::: Dataset content

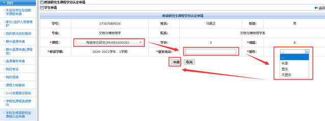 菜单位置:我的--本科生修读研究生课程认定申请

::::::
::: Dataset content

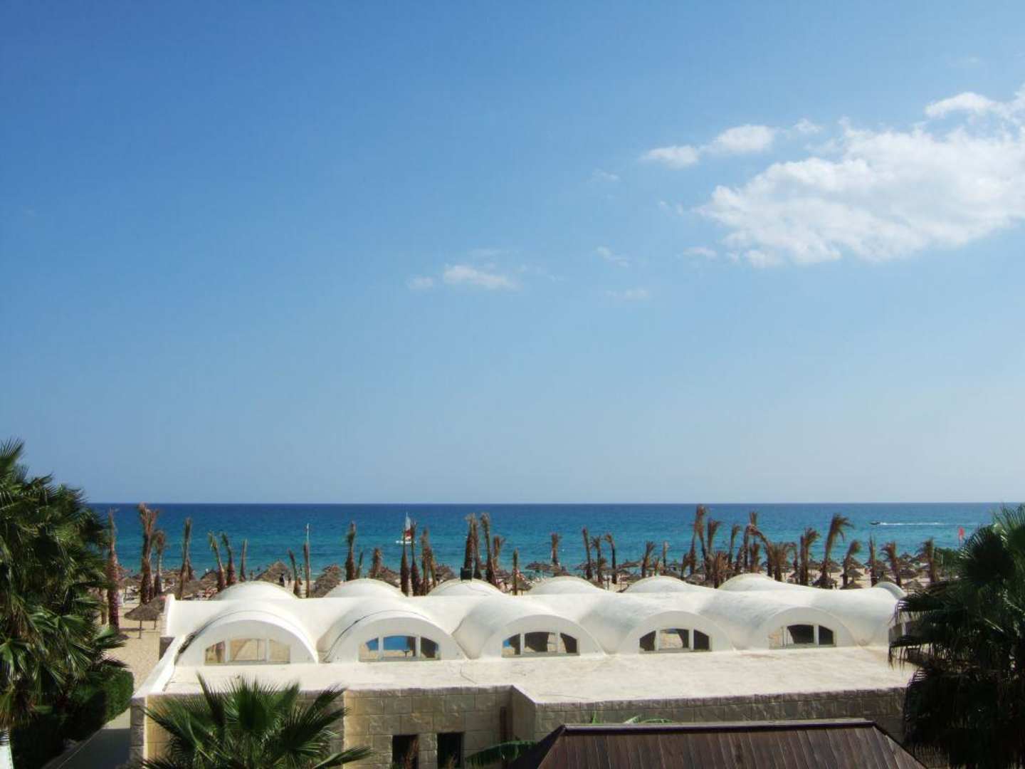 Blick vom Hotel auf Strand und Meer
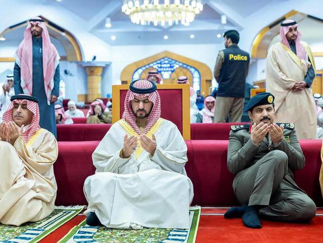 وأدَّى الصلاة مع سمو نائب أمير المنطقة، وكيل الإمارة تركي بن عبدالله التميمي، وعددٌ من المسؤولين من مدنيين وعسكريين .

::::::

• _Task to carry out_
Copy out the lines above from the line containing "Blick vom Hotel auf Strand und Meer" through the line containing "وأدَّى الصلاة مع", exactly, and keep the pictures out.

• _Response to this task_
 Blick vom Hotel auf Strand und Meer
 وأدَّى الصلاة مع سمو نائب أمير المنطقة، وكيل الإمارة تركي بن عبدالله التميمي، وعددٌ من المسؤولين من مدنيين وعسكريين .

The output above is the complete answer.